--- PROVIDED DATA ---

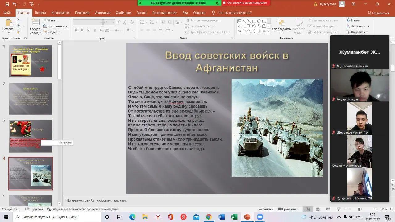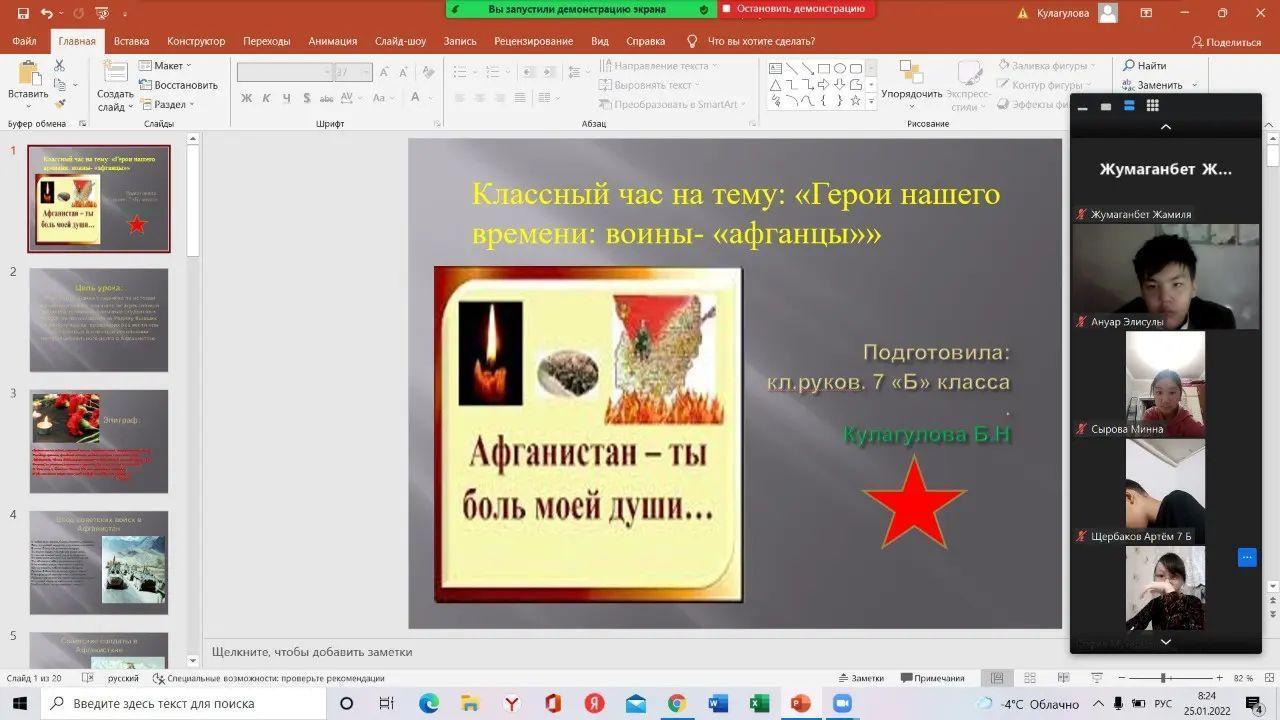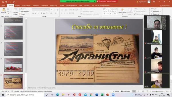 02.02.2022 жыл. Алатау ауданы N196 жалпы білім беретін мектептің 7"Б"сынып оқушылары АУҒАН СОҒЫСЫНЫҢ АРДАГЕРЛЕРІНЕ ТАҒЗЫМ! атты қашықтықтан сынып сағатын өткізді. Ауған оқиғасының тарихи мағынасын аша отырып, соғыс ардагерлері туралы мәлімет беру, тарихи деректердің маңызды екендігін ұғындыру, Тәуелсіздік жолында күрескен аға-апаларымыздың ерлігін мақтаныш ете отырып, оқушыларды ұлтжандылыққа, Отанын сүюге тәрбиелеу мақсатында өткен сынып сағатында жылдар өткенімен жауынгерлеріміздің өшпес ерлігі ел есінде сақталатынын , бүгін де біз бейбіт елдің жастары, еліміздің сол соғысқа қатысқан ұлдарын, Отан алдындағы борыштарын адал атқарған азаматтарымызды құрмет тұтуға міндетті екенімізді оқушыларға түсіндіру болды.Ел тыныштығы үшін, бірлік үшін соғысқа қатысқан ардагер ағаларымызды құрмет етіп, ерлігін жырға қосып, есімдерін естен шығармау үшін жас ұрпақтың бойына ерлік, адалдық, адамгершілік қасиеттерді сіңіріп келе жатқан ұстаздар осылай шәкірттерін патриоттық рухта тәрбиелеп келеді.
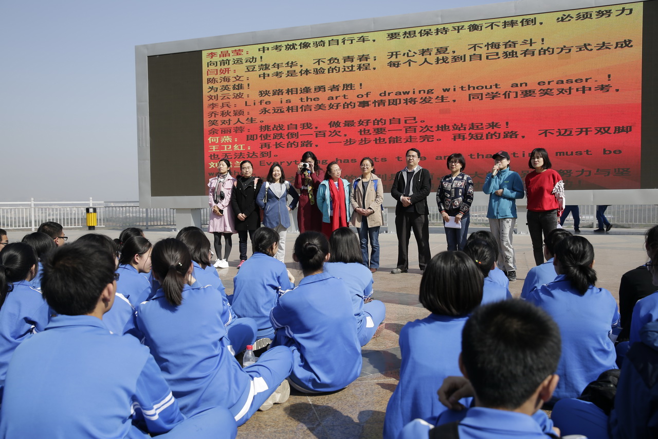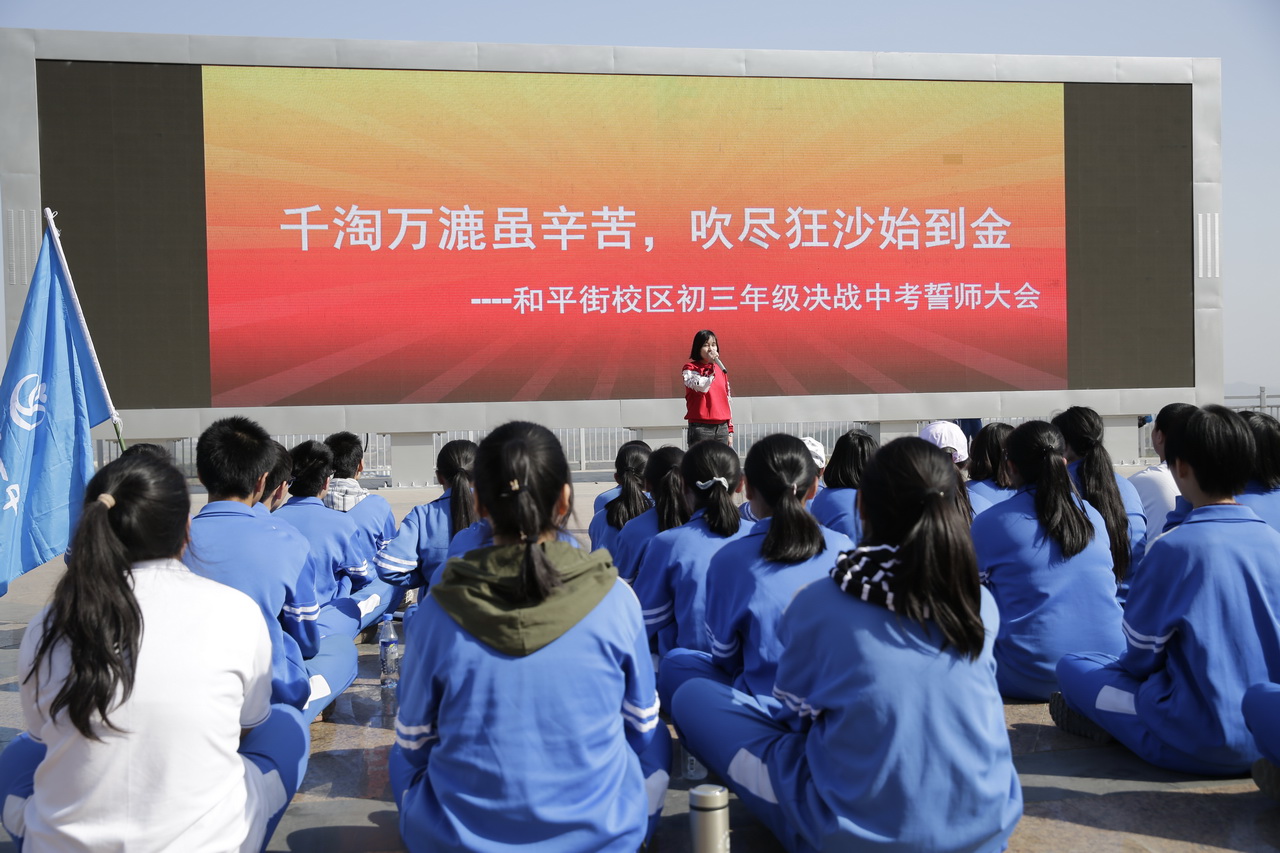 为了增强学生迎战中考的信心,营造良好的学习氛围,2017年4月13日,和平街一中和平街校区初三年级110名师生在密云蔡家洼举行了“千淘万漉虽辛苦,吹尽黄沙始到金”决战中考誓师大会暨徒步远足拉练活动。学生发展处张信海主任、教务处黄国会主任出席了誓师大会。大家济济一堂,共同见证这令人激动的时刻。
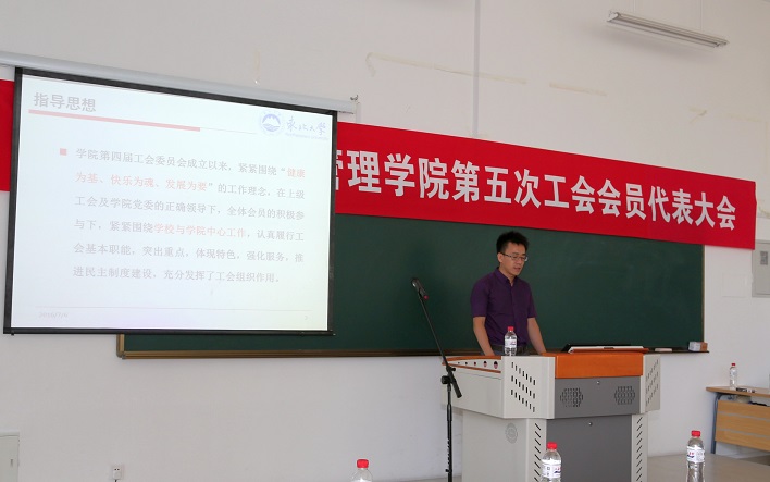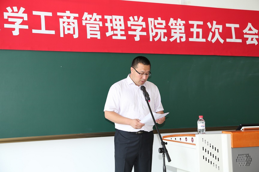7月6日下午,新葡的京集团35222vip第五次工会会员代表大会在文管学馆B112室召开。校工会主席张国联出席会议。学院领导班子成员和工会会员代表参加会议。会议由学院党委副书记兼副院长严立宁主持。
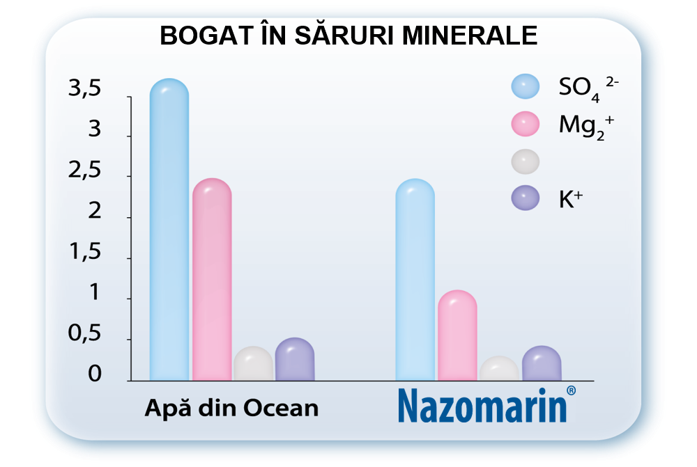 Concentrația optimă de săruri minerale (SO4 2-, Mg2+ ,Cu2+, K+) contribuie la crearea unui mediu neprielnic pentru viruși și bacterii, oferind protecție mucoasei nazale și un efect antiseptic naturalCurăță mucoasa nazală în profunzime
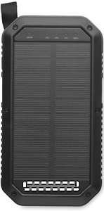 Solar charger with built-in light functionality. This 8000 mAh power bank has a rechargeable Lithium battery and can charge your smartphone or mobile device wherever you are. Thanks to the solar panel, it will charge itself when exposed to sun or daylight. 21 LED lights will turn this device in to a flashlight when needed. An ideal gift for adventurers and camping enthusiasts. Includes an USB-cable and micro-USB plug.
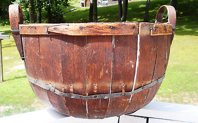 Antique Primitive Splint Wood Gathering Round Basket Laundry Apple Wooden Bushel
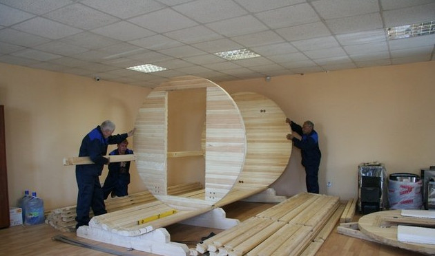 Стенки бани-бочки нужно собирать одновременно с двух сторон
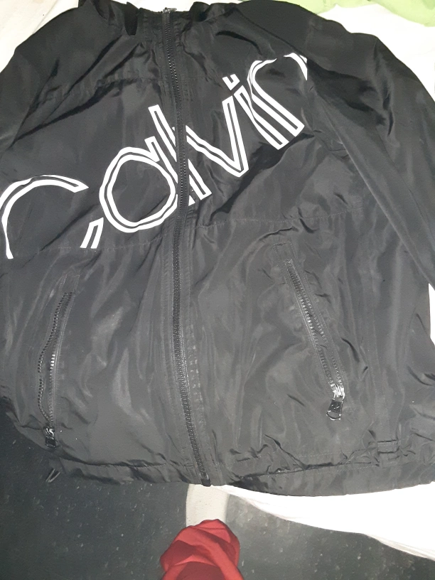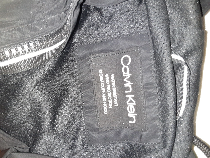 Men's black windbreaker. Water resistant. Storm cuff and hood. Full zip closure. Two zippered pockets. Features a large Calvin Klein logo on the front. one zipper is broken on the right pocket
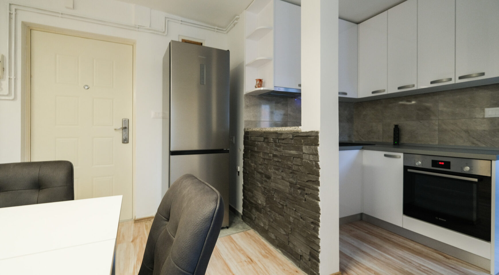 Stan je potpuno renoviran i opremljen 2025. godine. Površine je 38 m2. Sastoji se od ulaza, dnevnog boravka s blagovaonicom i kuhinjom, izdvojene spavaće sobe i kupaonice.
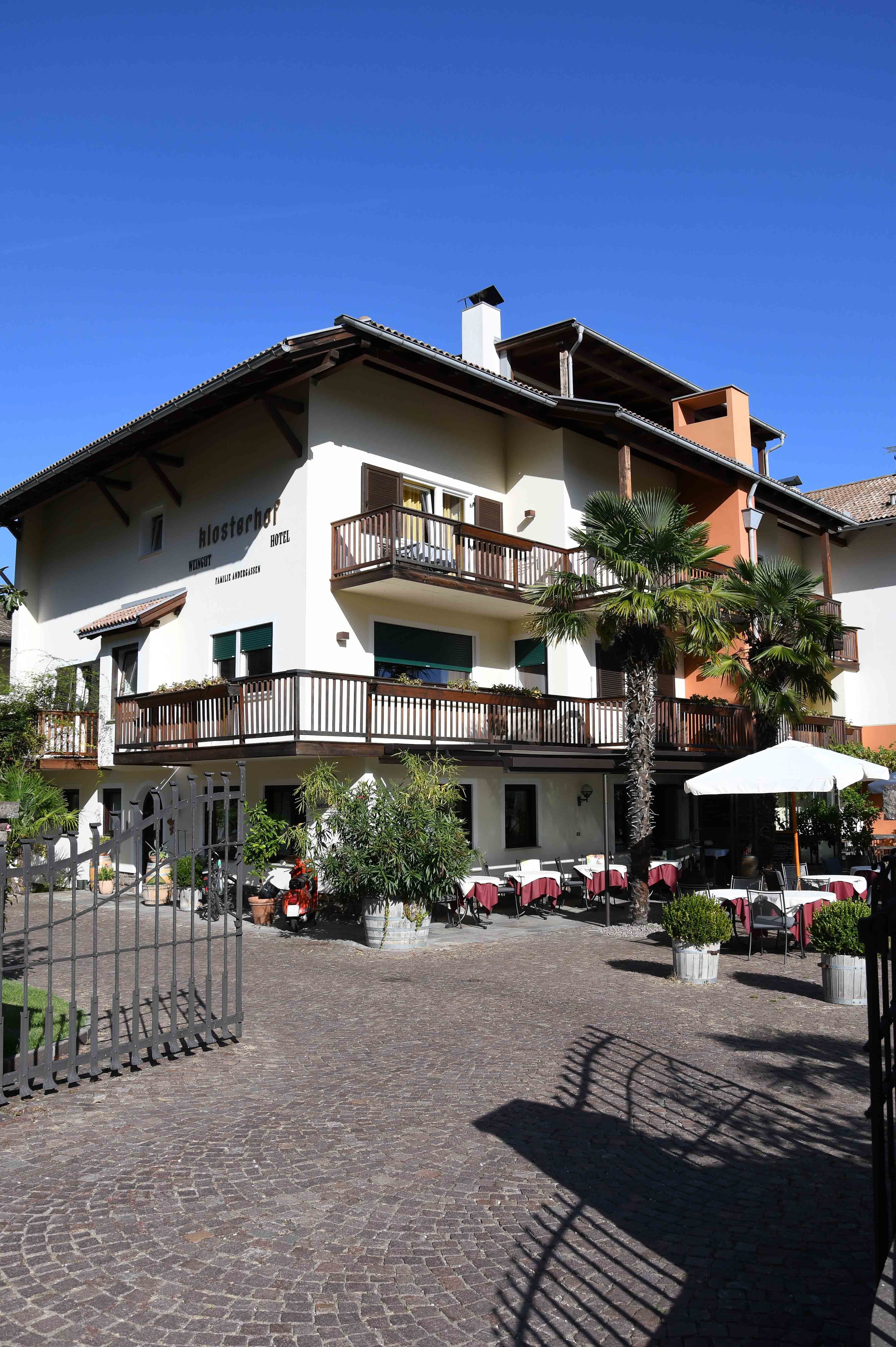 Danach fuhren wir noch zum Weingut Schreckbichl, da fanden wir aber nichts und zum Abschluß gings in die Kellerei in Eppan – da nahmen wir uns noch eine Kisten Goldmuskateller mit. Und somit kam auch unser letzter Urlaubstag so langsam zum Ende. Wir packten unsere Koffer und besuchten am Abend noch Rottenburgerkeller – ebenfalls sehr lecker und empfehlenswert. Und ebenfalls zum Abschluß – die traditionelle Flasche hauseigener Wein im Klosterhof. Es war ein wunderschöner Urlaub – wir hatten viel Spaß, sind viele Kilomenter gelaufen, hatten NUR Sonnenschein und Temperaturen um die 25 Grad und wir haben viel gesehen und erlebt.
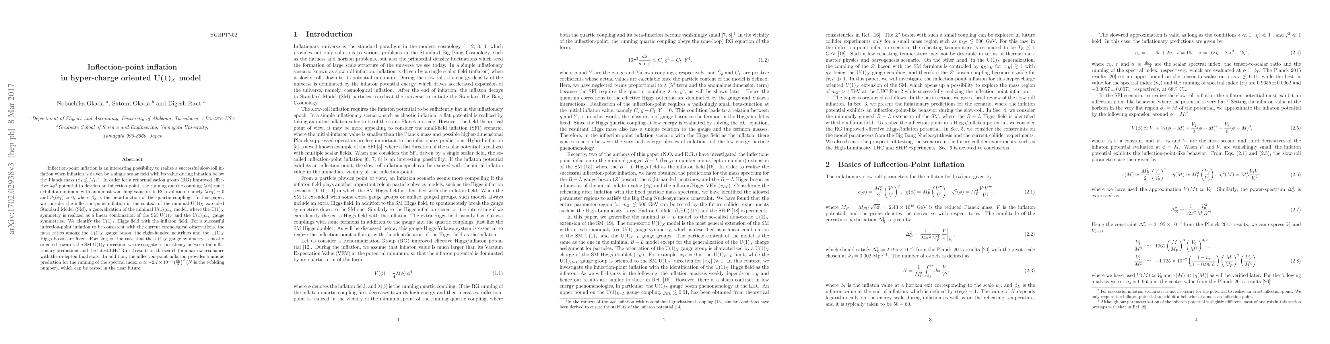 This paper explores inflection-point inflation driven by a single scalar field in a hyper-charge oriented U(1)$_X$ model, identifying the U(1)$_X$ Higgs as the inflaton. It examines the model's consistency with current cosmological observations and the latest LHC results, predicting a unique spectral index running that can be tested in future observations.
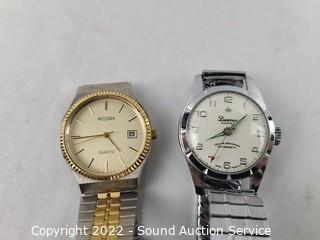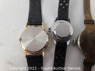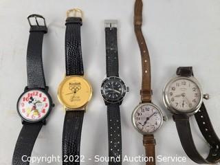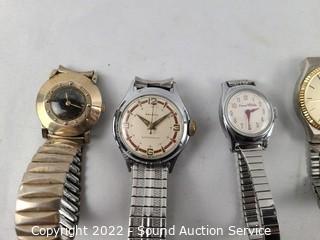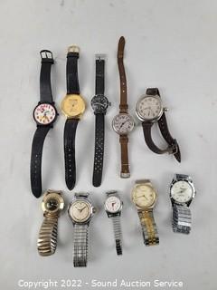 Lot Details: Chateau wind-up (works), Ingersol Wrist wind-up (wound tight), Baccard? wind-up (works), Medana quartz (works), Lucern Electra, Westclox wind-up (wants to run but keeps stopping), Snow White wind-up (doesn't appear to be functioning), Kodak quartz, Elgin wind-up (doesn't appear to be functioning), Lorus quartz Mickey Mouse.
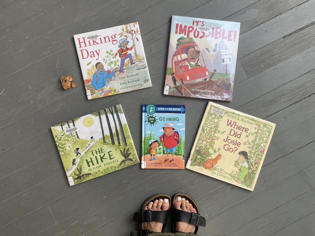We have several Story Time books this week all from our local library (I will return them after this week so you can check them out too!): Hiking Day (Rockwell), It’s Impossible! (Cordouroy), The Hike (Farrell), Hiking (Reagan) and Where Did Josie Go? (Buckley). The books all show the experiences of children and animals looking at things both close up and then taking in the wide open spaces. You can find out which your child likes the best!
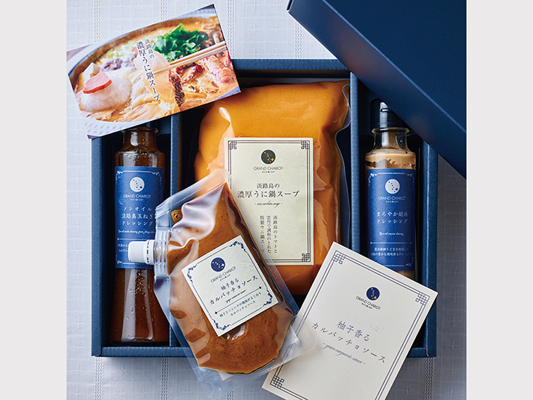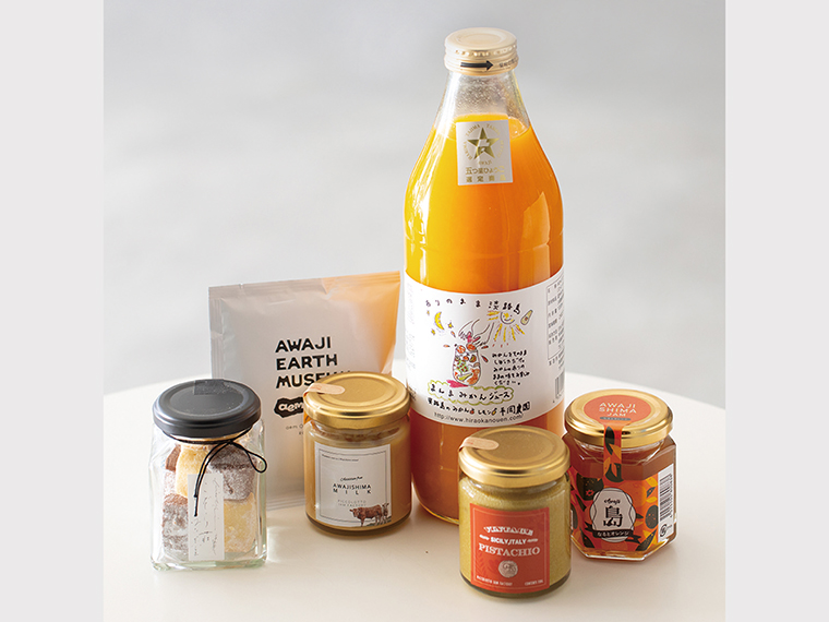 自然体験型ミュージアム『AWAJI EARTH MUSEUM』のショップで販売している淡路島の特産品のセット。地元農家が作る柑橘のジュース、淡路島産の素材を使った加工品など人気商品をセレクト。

---

▶ WORK TASK
Needed here is a verbatim copy of the data from the first line through the line with "7月6日下午,新葡的京集团3", without pictures.

▶ SOLUTION FOR THIS EXERCISE
 02.02.2022 жыл. Алатау ауданы N196 жалпы білім беретін мектептің 7"Б"сынып оқушылары АУҒАН СОҒЫСЫНЫҢ АРДАГЕРЛЕРІНЕ ТАҒЗЫМ! атты қашықтықтан сынып сағатын өткізді. Ауған оқиғасының тарихи мағынасын аша отырып, соғыс ардагерлері туралы мәлімет беру, тарихи деректердің маңызды екендігін ұғындыру, Тәуелсіздік жолында күрескен аға-апаларымыздың ерлігін мақтаныш ете отырып, оқушыларды ұлтжандылыққа, Отанын сүюге тәрбиелеу мақсатында өткен сынып сағатында жылдар өткенімен жауынгерлеріміздің өшпес ерлігі ел есінде сақталатынын , бүгін де біз бейбіт елдің жастары, еліміздің сол соғысқа қатысқан ұлдарын, Отан алдындағы борыштарын адал атқарған азаматтарымызды құрмет тұтуға міндетті екенімізді оқушыларға түсіндіру болды.Ел тыныштығы үшін, бірлік үшін соғысқа қатысқан ардагер ағаларымызды құрмет етіп, ерлігін жырға қосып, есімдерін естен шығармау үшін жас ұрпақтың бойына ерлік, адалдық, адамгершілік қасиеттерді сіңіріп келе жатқан ұстаздар осылай шәкірттерін патриоттық рухта тәрбиелеп келеді.
 为了增强学生迎战中考的信心,营造良好的学习氛围,2017年4月13日,和平街一中和平街校区初三年级110名师生在密云蔡家洼举行了“千淘万漉虽辛苦,吹尽黄沙始到金”决战中考誓师大会暨徒步远足拉练活动。学生发展处张信海主任、教务处黄国会主任出席了誓师大会。大家济济一堂,共同见证这令人激动的时刻。
7月6日下午,新葡的京集团35222vip第五次工会会员代表大会在文管学馆B112室召开。校工会主席张国联出席会议。学院领导班子成员和工会会员代表参加会议。会议由学院党委副书记兼副院长严立宁主持。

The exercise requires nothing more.